DATA FOR PROCESSING:
- Opening Delimiter -

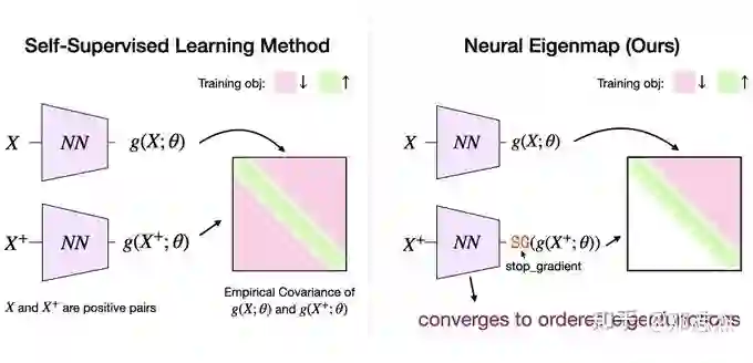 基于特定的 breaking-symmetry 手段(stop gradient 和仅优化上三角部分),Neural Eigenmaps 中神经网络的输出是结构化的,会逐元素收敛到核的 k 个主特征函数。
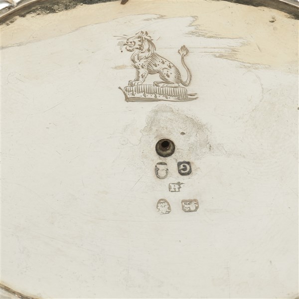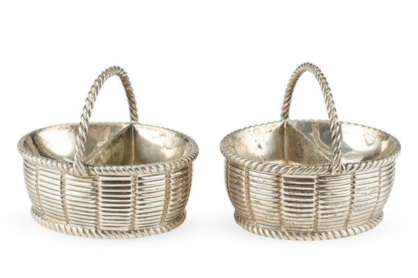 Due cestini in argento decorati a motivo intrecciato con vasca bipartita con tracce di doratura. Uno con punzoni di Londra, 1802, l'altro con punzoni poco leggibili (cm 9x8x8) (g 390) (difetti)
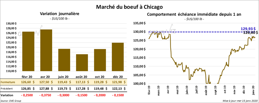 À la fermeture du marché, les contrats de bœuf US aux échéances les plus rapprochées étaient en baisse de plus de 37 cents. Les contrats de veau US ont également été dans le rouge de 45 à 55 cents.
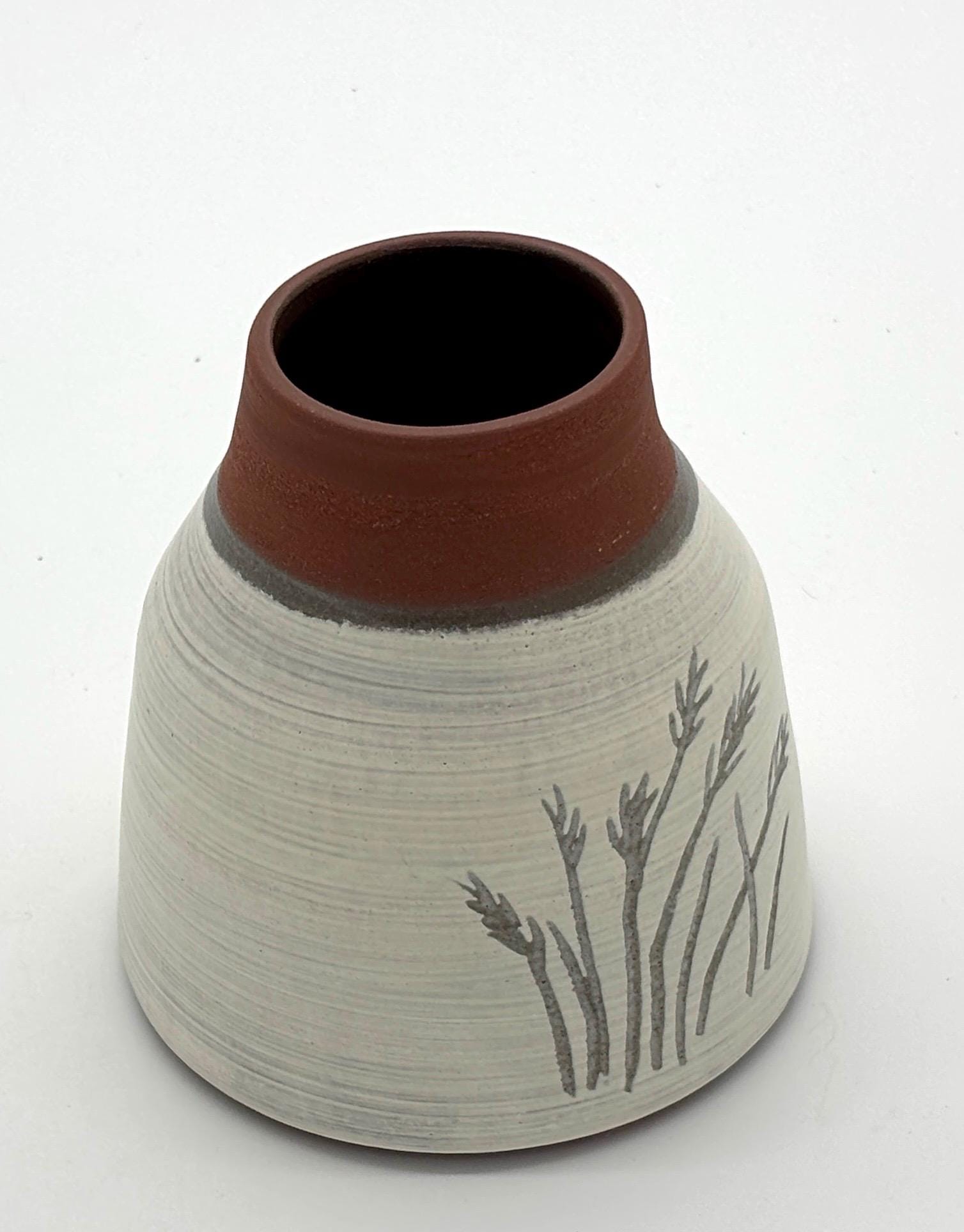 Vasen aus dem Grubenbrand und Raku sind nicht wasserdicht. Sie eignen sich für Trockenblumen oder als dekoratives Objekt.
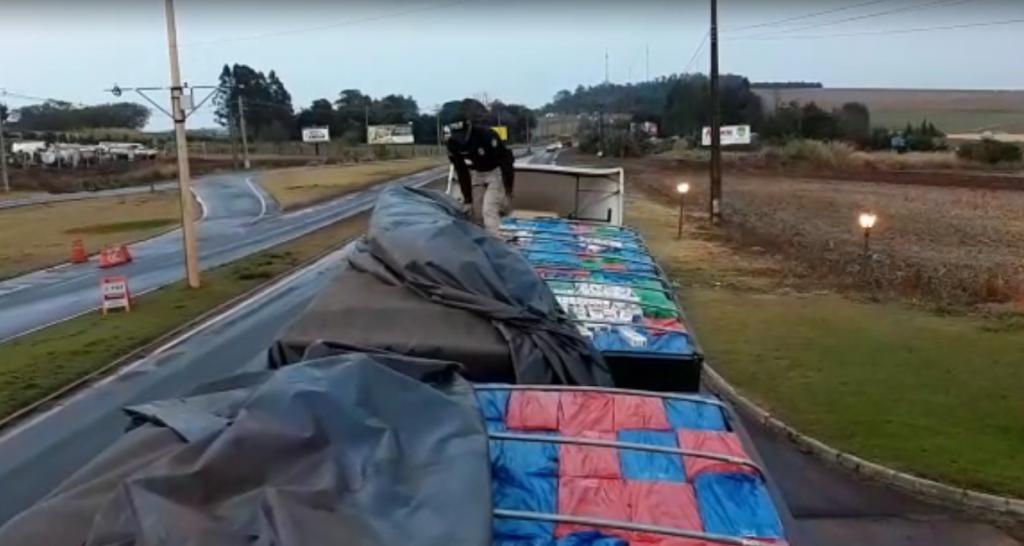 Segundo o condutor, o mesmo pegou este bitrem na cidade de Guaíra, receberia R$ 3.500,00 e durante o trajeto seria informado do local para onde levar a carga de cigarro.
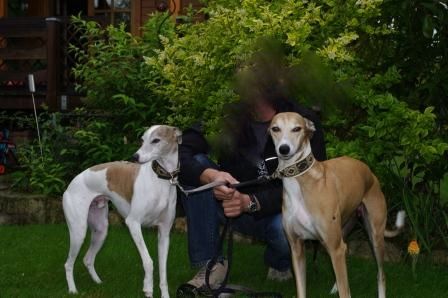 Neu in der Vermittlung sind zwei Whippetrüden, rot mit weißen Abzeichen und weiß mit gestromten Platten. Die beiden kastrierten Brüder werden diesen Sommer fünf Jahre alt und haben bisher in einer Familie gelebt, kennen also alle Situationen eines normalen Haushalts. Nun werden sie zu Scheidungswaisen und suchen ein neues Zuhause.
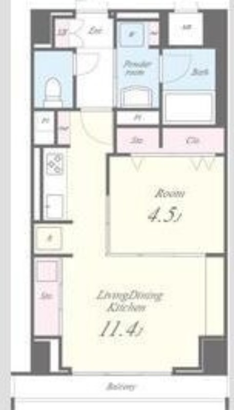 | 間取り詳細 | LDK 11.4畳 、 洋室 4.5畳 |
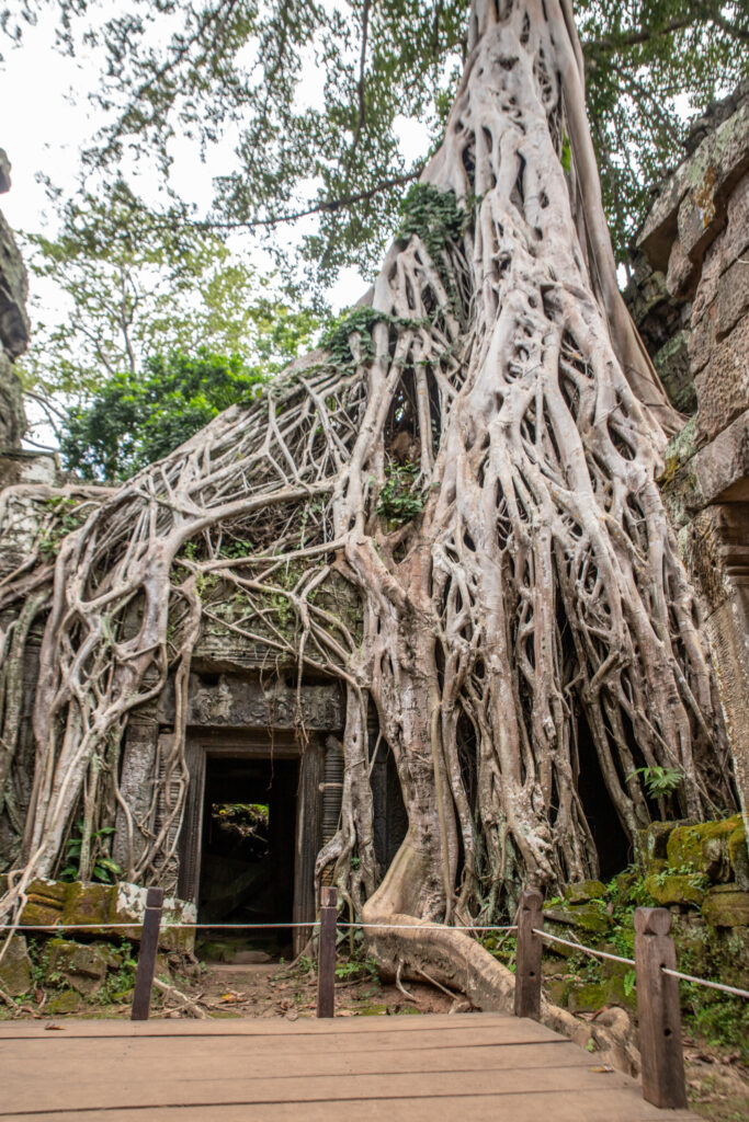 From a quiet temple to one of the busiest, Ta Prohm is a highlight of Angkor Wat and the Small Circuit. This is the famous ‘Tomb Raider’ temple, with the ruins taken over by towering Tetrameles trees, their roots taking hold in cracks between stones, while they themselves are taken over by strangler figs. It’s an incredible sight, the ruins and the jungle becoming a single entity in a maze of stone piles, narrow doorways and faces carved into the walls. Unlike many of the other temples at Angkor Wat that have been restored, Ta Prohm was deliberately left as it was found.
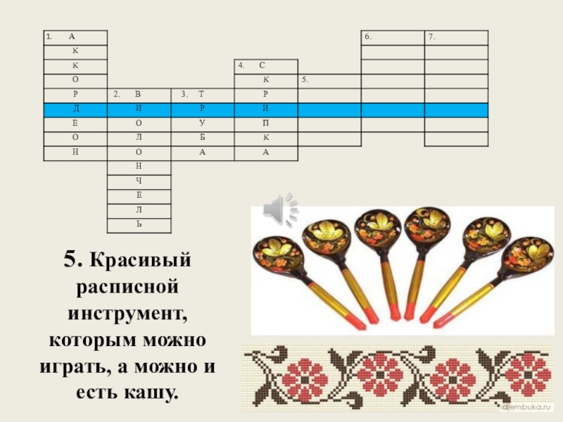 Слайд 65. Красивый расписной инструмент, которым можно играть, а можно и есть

- Closing Delimiter -

GOAL OF THE EXERCISE: Reproduce the entries above exactly, though not their pictures.

THE ANSWER:
 基于特定的 breaking-symmetry 手段(stop gradient 和仅优化上三角部分),Neural Eigenmaps 中神经网络的输出是结构化的,会逐元素收敛到核的 k 个主特征函数。
 Due cestini in argento decorati a motivo intrecciato con vasca bipartita con tracce di doratura. Uno con punzoni di Londra, 1802, l'altro con punzoni poco leggibili (cm 9x8x8) (g 390) (difetti)
 À la fermeture du marché, les contrats de bœuf US aux échéances les plus rapprochées étaient en baisse de plus de 37 cents. Les contrats de veau US ont également été dans le rouge de 45 à 55 cents.
 Vasen aus dem Grubenbrand und Raku sind nicht wasserdicht. Sie eignen sich für Trockenblumen oder als dekoratives Objekt.
 Segundo o condutor, o mesmo pegou este bitrem na cidade de Guaíra, receberia R$ 3.500,00 e durante o trajeto seria informado do local para onde levar a carga de cigarro.
 Neu in der Vermittlung sind zwei Whippetrüden, rot mit weißen Abzeichen und weiß mit gestromten Platten. Die beiden kastrierten Brüder werden diesen Sommer fünf Jahre alt und haben bisher in einer Familie gelebt, kennen also alle Situationen eines normalen Haushalts. Nun werden sie zu Scheidungswaisen und suchen ein neues Zuhause.
 | 間取り詳細 | LDK 11.4畳 、 洋室 4.5畳 |
 From a quiet temple to one of the busiest, Ta Prohm is a highlight of Angkor Wat and the Small Circuit. This is the famous ‘Tomb Raider’ temple, with the ruins taken over by towering Tetrameles trees, their roots taking hold in cracks between stones, while they themselves are taken over by strangler figs. It’s an incredible sight, the ruins and the jungle becoming a single entity in a maze of stone piles, narrow doorways and faces carved into the walls. Unlike many of the other temples at Angkor Wat that have been restored, Ta Prohm was deliberately left as it was found.
 Слайд 65. Красивый расписной инструмент, которым можно играть, а можно и есть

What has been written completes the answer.